En Loire-Atlantique, Caroline, freelance dans le journalisme et la communication, a réussi samedi à faire vacciner ses deux enfants de 7 et 10 ans, non sans peine. "Sur les sites de rendez-vous en ligne, on ne trouvait pas de créneau avant un mois".

C'est suite à un tweet de son conjoint que le couple a été aiguillé vers un médecin généraliste en mesure de vacciner avec des doses pédiatriques.

"On ne nie pas le fait que (le nombre de rendez-vous disponibles) ne soit pas suffisant", concède-t-on au ministère, en indiquant que cela se chiffrait à "5.800 cette semaine, 27.000 d'ici au 30 janvier et 50.000 fin février".

"On mobilise les acteurs pour augmenter encore ces chiffres", ajoute-t-on de même source.

- "Caduc" -

Mais au-delà de l'offre, se pose le problème de la demande.

Selon une enquête diligentée notamment par l'Inserm, deux tiers des parents (67%) d'enfants âgés de 5 à 11 ans sont défavorables à leur vaccination.

Mené par l'Observatoire régional de la santé Provence-Alpes-Côte d'Azur, le sondage a été réalisé avant Noël, c'est-à-dire avant que la Haute autorité de la santé (HAS) ne la recommande.

Vendredi, M. Fischer a concédé que pour accélérer la vaccination des plus jeunes, il faudrait "faire de la pédagogie".

Il a aussi regretté que suite à une demande du Conseil d'Etat, l'accord des deux parents, et non plus d'un seul, soit désormais nécessaire, y voyant "un obstacle".

Père de deux enfants de 6 et 9 ans, Sylvain, cadre dans l'audiovisuel en région parisienne, ne voit pas aujourd'hui "l'urgence de les faire vacciner".

"Si on nous prouve par A+B que c'est nécessaire on le fera, mais vu la vague actuelle, on se demande si ce ne serait pas déjà trop tard" pour l'endiguer.

Pour ses partisans, la vaccination des 5-11 ans a des vertus collectives: limiter les contaminations venant des enfants.

Les sociétés savantes de pédiatrie se sont prononcées pour une vaccination rapide de tous les enfants présentant des maladies chroniques les exposant à un risque de forme grave de Covid.

Mais la campagne de rappel vaccinal des adultes reste la priorité et la vaccination des enfants ne doit pas la freiner, ont-elles estimé.

"Il faut que cette vaccination ait un sens, qu'elle serve à bloquer la transmission, or avec le variant Omicron extrêmement contagieux, c'est totalement caduc", tranche l'infectiologue Benjamin Davido.

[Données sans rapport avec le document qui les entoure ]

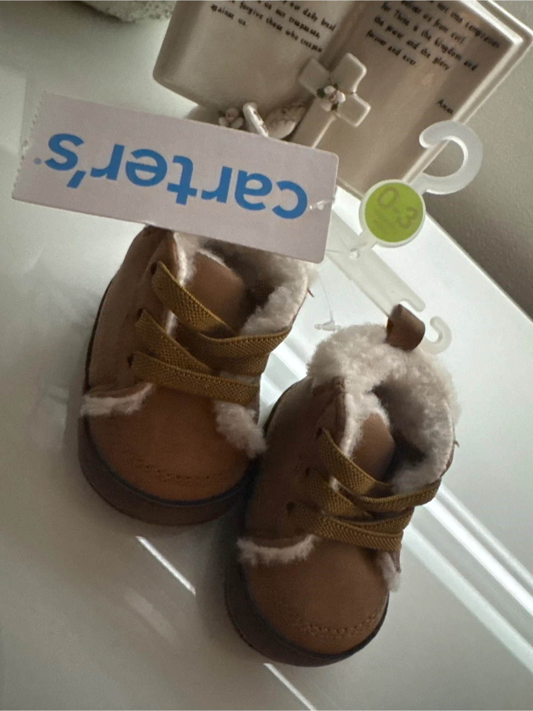 Brown Carters baby boots with faux fur lining. Lace-up closure for a secure fit. Size is 0-3 months. These are perfect for keeping little feet warm during colder weather!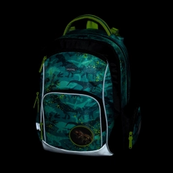 Dětský školní set OXYBAG OXY GO Dino potěší malé milovníky dinosaurů a rodiče přesvědčí svou ergonomií a bezpečností. Obsahuje lehkou školní aktovku s prodyšnými zády, nastavitelnými popruhy a reflexními prvky, dále pytlík na cvičky a jednopatrový penál. Ideální volba pro 1.–3. třídu.

"Il ne faut pas oublier que la vaccination est un traitement préventif", ajoute-t-il. "Démarrer une campagne en plein pic épidémique, avec un vaccin prévu pour une autre souche du virus, ne va certainement pas permettre d'infléchir la courbe".

Selon lui, la vaccination des enfants pourrait s'intensifier si les hospitalisations des plus jeunes grimpaient soudainement, créant un sentiment de panique, ou bien si la vague actuelle s'avérait beaucoup plus longue qu'attendu. Deux conditions qui restent à ce stade des hypothèses.